---------- Information supplied
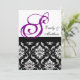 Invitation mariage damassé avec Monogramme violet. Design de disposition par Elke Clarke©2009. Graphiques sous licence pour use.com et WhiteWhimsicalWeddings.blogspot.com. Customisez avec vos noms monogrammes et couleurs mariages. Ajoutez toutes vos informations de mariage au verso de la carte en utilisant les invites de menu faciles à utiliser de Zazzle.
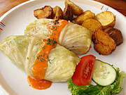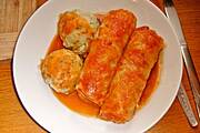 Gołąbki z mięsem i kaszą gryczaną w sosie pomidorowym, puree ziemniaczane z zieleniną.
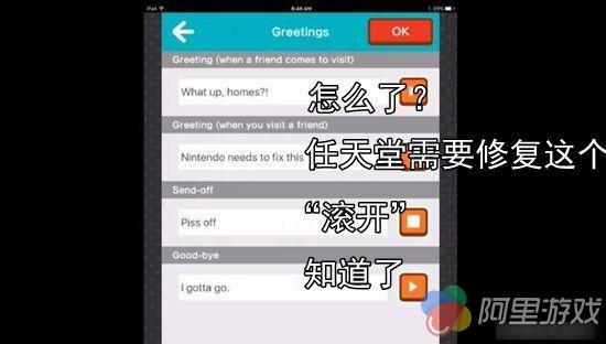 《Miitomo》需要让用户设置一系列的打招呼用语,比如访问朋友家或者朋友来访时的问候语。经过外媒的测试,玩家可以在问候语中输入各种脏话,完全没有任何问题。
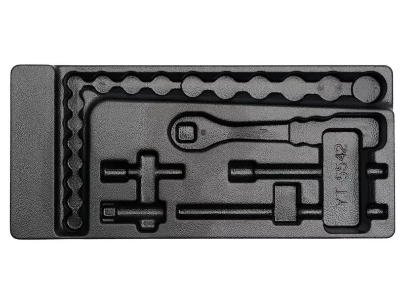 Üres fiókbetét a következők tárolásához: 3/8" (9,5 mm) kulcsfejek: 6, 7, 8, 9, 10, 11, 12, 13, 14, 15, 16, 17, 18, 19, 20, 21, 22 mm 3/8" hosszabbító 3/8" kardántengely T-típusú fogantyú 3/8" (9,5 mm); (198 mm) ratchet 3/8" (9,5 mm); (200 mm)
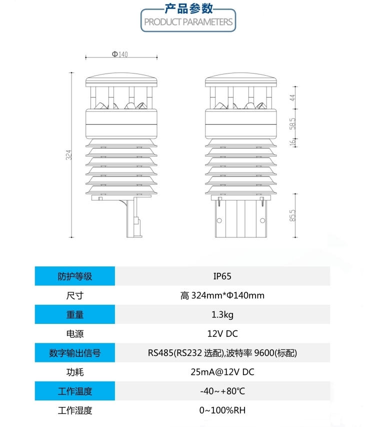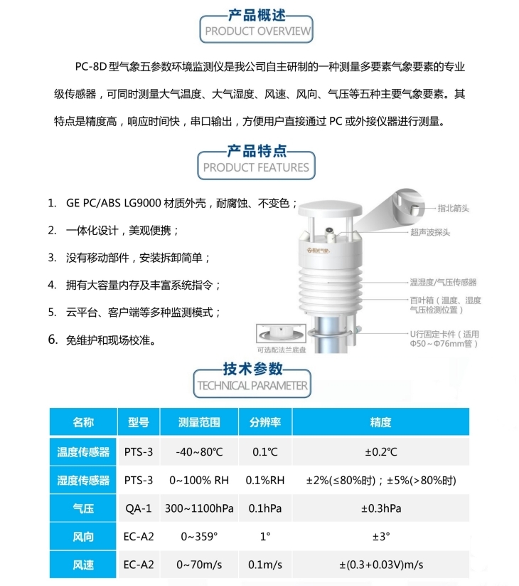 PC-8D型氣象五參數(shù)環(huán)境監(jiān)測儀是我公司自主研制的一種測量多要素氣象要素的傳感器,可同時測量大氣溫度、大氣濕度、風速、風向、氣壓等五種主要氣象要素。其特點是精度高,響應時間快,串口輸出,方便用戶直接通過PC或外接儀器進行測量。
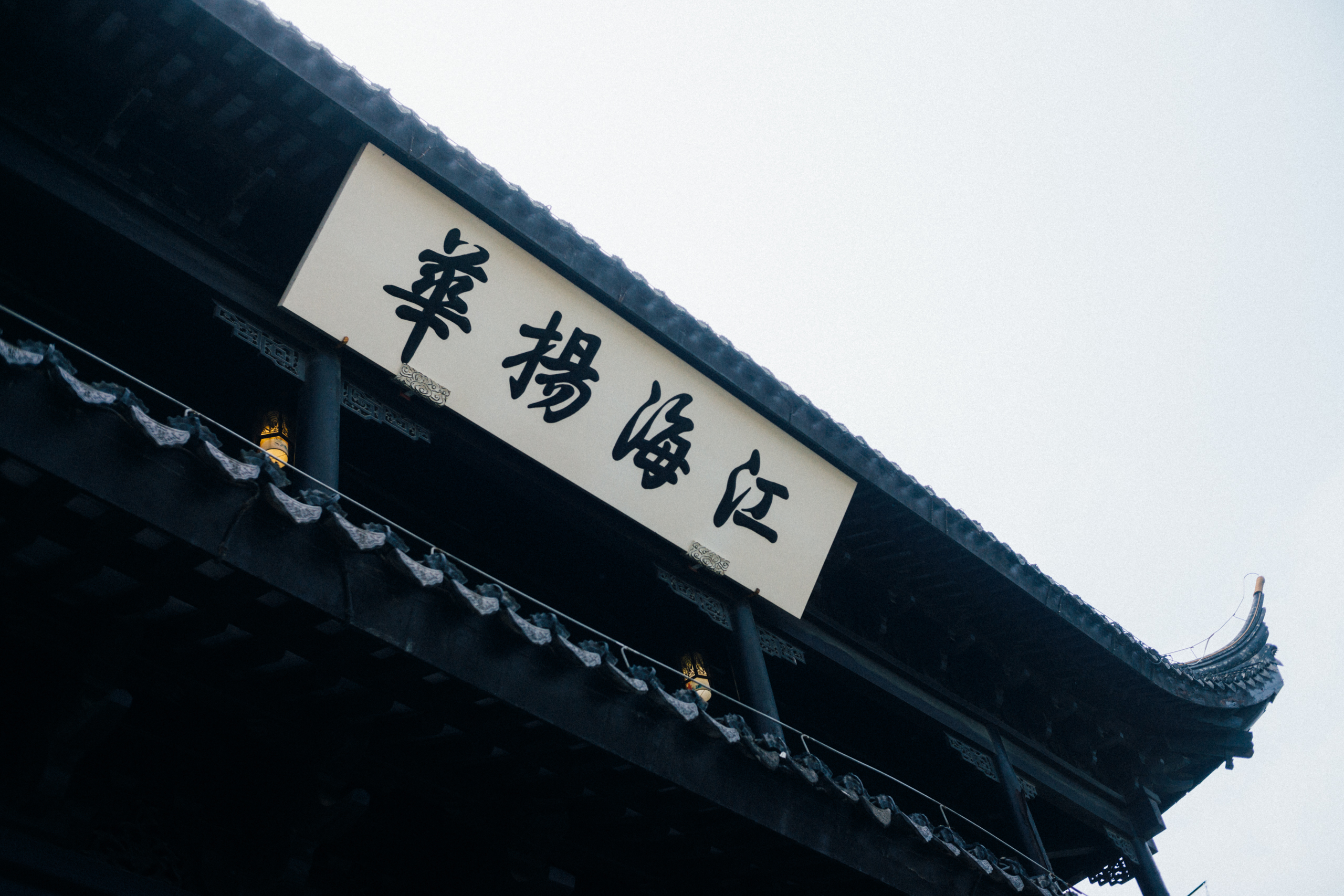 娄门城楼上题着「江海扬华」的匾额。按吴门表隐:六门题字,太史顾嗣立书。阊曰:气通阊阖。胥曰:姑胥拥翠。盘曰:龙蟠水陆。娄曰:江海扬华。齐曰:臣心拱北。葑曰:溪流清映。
--------------------
Beginning with the line containing "Gołąbki z mięsem" and ending with the last line of the listing above, output those lines exactly as written, without pictures.

## Solution for this exercise
 Gołąbki z mięsem i kaszą gryczaną w sosie pomidorowym, puree ziemniaczane z zieleniną.
 《Miitomo》需要让用户设置一系列的打招呼用语,比如访问朋友家或者朋友来访时的问候语。经过外媒的测试,玩家可以在问候语中输入各种脏话,完全没有任何问题。
 Üres fiókbetét a következők tárolásához: 3/8" (9,5 mm) kulcsfejek: 6, 7, 8, 9, 10, 11, 12, 13, 14, 15, 16, 17, 18, 19, 20, 21, 22 mm 3/8" hosszabbító 3/8" kardántengely T-típusú fogantyú 3/8" (9,5 mm); (198 mm) ratchet 3/8" (9,5 mm); (200 mm)
 PC-8D型氣象五參數(shù)環(huán)境監(jiān)測儀是我公司自主研制的一種測量多要素氣象要素的傳感器,可同時測量大氣溫度、大氣濕度、風速、風向、氣壓等五種主要氣象要素。其特點是精度高,響應時間快,串口輸出,方便用戶直接通過PC或外接儀器進行測量。
 娄门城楼上题着「江海扬华」的匾额。按吴门表隐:六门题字,太史顾嗣立书。阊曰:气通阊阖。胥曰:姑胥拥翠。盘曰:龙蟠水陆。娄曰:江海扬华。齐曰:臣心拱北。葑曰:溪流清映。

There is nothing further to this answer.